OverflowError: (34, 'Numerical result out of range')

I am getting the following error (see the stacktrace) when I ran my code in a different GPU (Tesla K-20, cuda 7.5 installed, 6GB memory). Code works fine if I run in GeForce 1080 or Titan X GPU.

Stacktrace:

File "code/source/main.py", line 68, in <module>
    train.train_epochs(train_batches, dev_batches, args.epochs)
  File "/gpfs/home/g/e/geniiexe/BigRed2/code/source/train.py", line 34, in train_epochs
    losses = self.train(train_batches, dev_batches, (epoch + 1))
  File "/gpfs/home/g/e/geniiexe/BigRed2/code/source/train.py", line 76, in train
    self.optimizer.step()
  File "/gpfs/home/g/e/geniiexe/BigRed2/anaconda3/lib/python3.5/site-packages/torch/optim/adam.py", line 70, in step
    bias_correction1 = 1 - beta1 ** state['step']
OverflowError: (34, 'Numerical result out of range')
1 Like

do you have a question?

Yes, what can be the reason to get such error in a different GPU (Tesla K-20) while it works fine in GeForce or Titan X GPU? Moreover what the error means? Is it related to memory overflow which I don’t think so.

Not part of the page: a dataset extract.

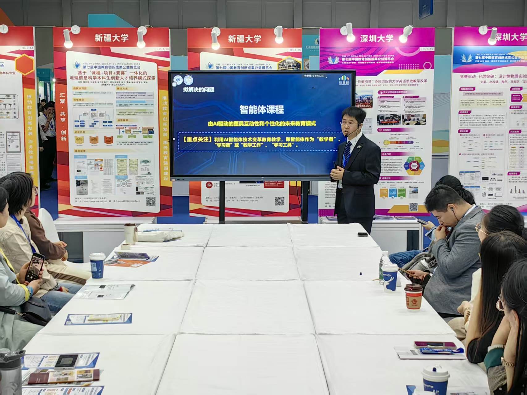 11月15日至17日,第七届中国教育创新成果公益博览会在珠海国际会展中心举行。本届教博会以“汇聚·共享·创新——推动教育创新发展,服务教育强国建设”为主题,聚焦科学教育提质增效、人工智能助力教育变革等八大领域,吸引了全国近2000家单位参展。b体育必一运动教学团队携拔尖创新人才培养AI课程构建与应用教学成果参展,内容涵盖数智赋能教学创新、AI赋能课程建设、拔尖创新人才培养范式等核心内容,成为本次博览会综合与理工类高校展区(H3-3展区)的亮点成果。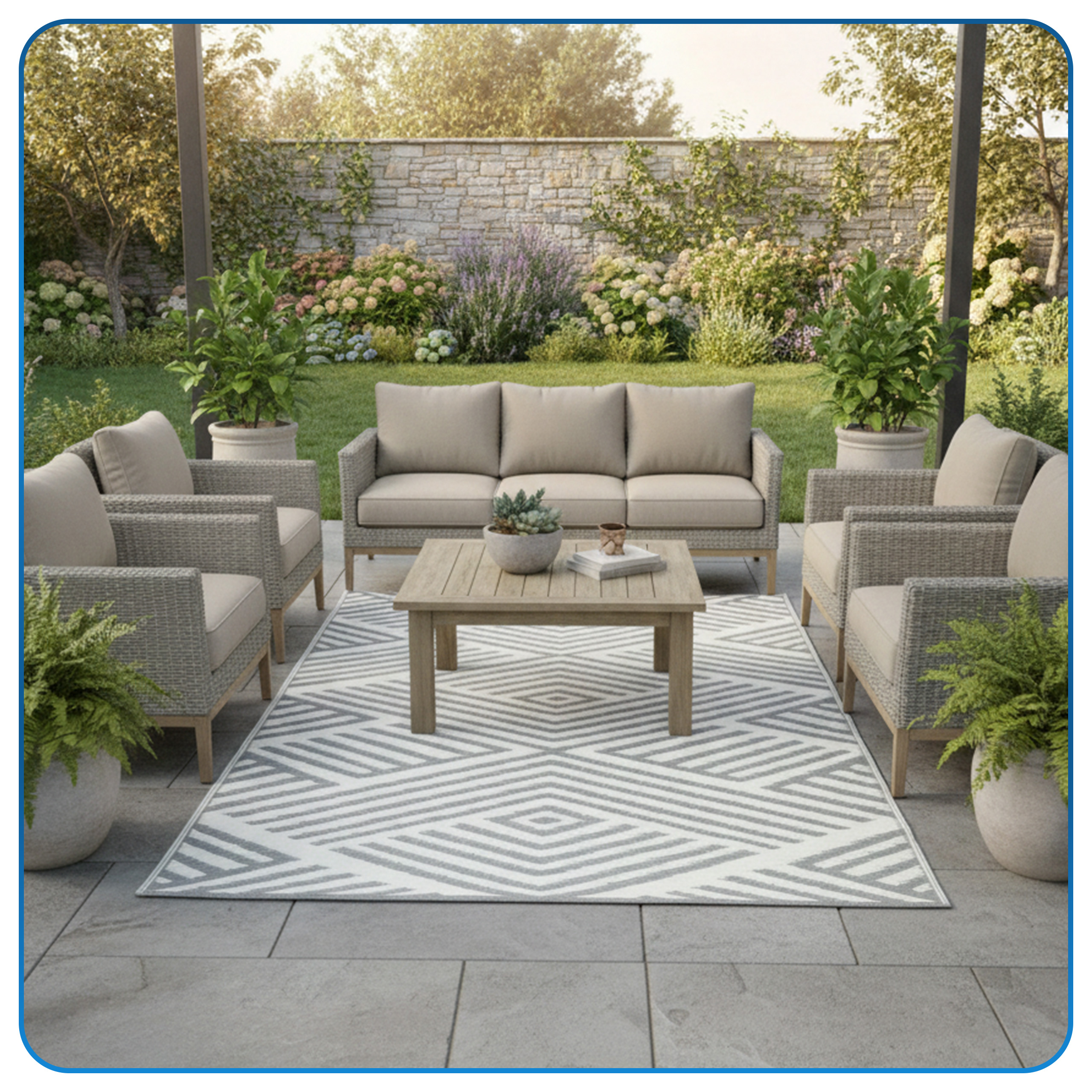 Dwustronny wzór to praktyczne rozwiązanie dla osób, które lubią od czasu do czasu odświeżyć wygląd swojej przestrzeni. Gdy jedna strona się opatrzy, wystarczy odwrócić dywan, aby w prosty sposób nadać tarasowi, balkonowi lub ogrodowi nowy charakter. Bez kupowania kolejnych dodatków zyskujesz większą swobodę aranżacji i łatwy sposób na szybką metamorfozę strefy wypoczynku.

The exactly same issue/error i got (with K-40 and cuda 7.5), any suggestions ?

Workaround for this:-

Replace the following lines in adam.py:-

bias_correction1 = 1 - beta1 ** state[‘step’]
bias_correction2 = 1 - beta2 ** state[‘step’]

WITH

bias_correction1 = 1 - beta1 ** min(state[‘step’],1022)
bias_correction2 = 1 - beta2 ** min(state[‘step’],1022)

1 Like

Why this works? What is the reason of taking min between state and 1022?

It is just for numerical reasons, practically beta1 or beta2 are 0.9 (between 0 and 1).
And 0.9^1000 = 1.7478713e-46, which is almost zero for all practical purposes. (You can take 1000 instead of 1022 and nothing will change).

1 Like

So here the state[‘step’] means the number of training step at the time.
The total training step can be calculated as number of epochs * number of batches.
At some point, when step is very big, the calculation of beta1 ** step raises overflow.

For me, changing the Python version solved the issue.

So, with Python 3.7.4, up to a point I get:

>>> 0.9 ** 7073
Traceback (most recent call last):
  File "<stdin>", line 1, in <module>
OverflowError: (34, 'Numerical result out of range')

Whereas with Python 3.8 or Python 3.10, I get:

>>> 0.9 ** 7073
0.0